A zipper, a box being shut, a crying child and a truck on the street outside form a sprawling major 7th chord with the fifth in the bass. It disturbs me that the truck isn’t rumbling in the tonic.
Beata’s Theralen isn’t available either and I can barely take this in. Without that we might just as well shut down our existence. Without that everything collapses.
‘It’s available in liquid form now. Have you tried the new flavour?’ the clerk asks.
No, we haven’t tried the new flavour and we haven’t tried it in liquid form because it’s more likely that Beata and Greta are going to learn to breathe underwater than manage to take medicine in liquid form.
‘There should be a packet left at Kronan’s pharmacy in Skärholmen.’ But I don’t have time to go all the way out to Skärholmen because Greta has just texted that the school staff threw out her rice because it didn’t have a sticker with the date on it, which they have to do, but because of Greta’s OCD she can’t eat when she sees newspapers, papers and stickers – it’s hard to mark her home-made school lunch with stickers, as we’ve explained a zillion times – and now Svante is on his way to Bergshamra to pick her up and I have to go home and make fresh jasmine rice.
But first I have to get the medicines.
I call an old friend, a now-retired doctor who has rescued me so many times in the past, but he doesn’t have a computer and can’t help me. I root around in my handbag for one of his old handwritten prescriptions and produce a pile of coins, the children’s passports, receipts, hair ties and two pink dog-poop bags, but my fingers won’t grip and the sound of everything falling back down into the handbag is like a gunshot in my ears.
The phone starts ringing at the same time as a text message jingles. Two emails. The sound cuts like a knife. I try to get the phone out to turn off the sound but my fingers still can’t grip, it’s like in my frequently recurring nightmare where I’m in the middle of a war zone and have to warn Svante and the children, but am incapable of typing a text message or bringing up their number.
My fingers cramp up.
Can’t get the fucking phone out.
Try to open the screen lock with my chin.
Can’t.
I walk out of the pharmacy over towards Willys to buy a snack for Beata and it’s all about the air.
Breathing.
But there isn’t enough air.
When stress levels increase, the oxygen intake is reduced, and even though I can hold a note for a full minute without needing to breathe, right now my lung capacity isn’t enough to oxygenate my brain and muscles, and then I get even more stressed and then I take in even less oxygen and then it’s even harder to think clearly and I don’t want to be a part of this shit any more.

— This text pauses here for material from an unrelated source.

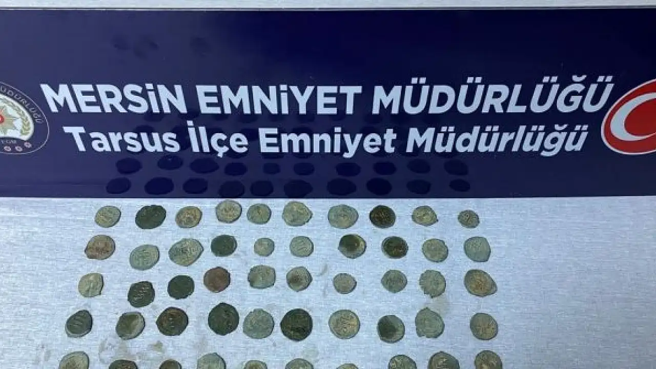 Mersin'in Tarsus ilçesinde yapılan operasyonda 50 tane tarihi eser niteliği taşıyan sikke ele geçirildi.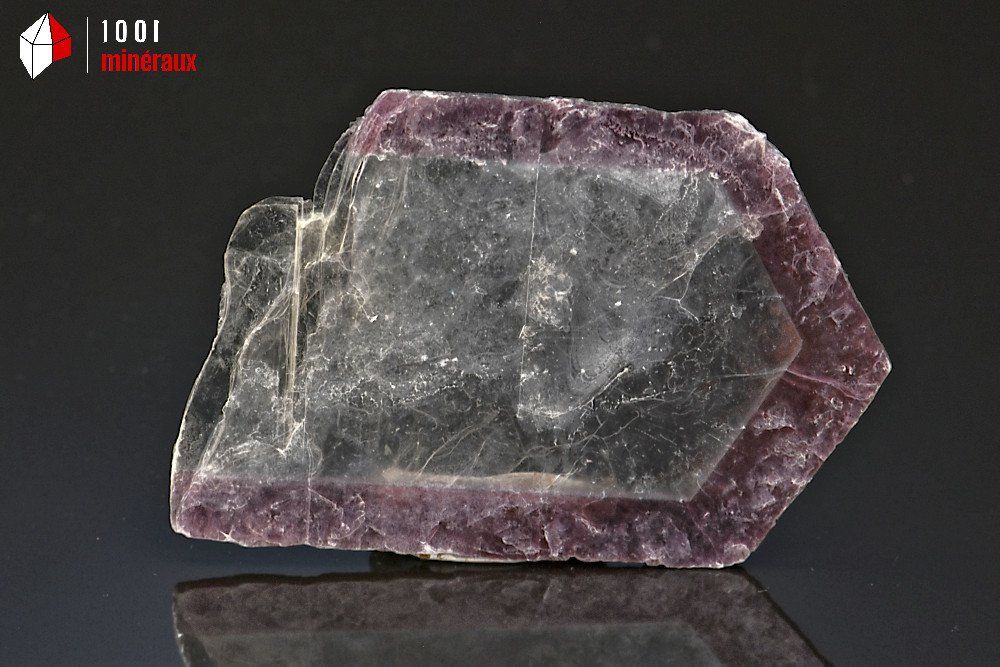 Spécimen d'une plaque de Mica blanc avec une bordure mauve de Lépidolite.

I’m standing on the pavement outside Västermalm’s shopping centre and I am so dreadfully tired of all my hidden handicaps; all my invisible bloody problems. If only I could break a couple of bones. A fracture, a serious case of pneumonia or something else that forces you into a pleasant hospital for a few weeks so that you can get some sleep.
And breathe.
Rest.
SCENE 56.
Dead Poets Society
There was a time when we caught the day with net and fishing rod – now we trawl the bottom of the ocean in our constant pursuit of self-realization, personal development and exciting new experiences. There are no limits. Everything is possible.

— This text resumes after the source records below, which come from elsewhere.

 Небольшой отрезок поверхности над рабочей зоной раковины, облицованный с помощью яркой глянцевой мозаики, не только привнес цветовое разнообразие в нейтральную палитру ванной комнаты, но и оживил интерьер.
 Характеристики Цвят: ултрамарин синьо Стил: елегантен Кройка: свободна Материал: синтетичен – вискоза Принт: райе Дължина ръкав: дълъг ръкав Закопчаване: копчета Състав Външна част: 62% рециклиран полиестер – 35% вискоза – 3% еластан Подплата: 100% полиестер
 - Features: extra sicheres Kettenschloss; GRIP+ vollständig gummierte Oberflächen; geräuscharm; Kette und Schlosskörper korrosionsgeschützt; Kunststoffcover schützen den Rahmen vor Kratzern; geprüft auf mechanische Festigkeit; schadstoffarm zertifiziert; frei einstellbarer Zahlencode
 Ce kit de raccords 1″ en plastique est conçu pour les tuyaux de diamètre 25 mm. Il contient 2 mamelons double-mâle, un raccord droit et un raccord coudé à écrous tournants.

Venice, the Maldives and the Seychelles are sinking into the sea, glaciers are melting, rainforests are being cleared and dry California is burning. Take the opportunity to visit these enchanting but climate-threatened places before they disappear for good.
These lines are too good to be true.
It’s like something out of a Max Gustafson comic cartoon but reality, as we know, always exceeds fiction and in fact the quote comes from the front page of a 2018 issue of Svenska Dagbladet’ s ‘Perfect Guide’.
Climate tourism is a real phenomenon and it constitutes a significant source of income for people in many vulnerable places. But naturally for a limited time only. The coral reefs off Belize and Australia, for example, Mount Kilimanjaro draped in snow, and obviously the whole Arctic region.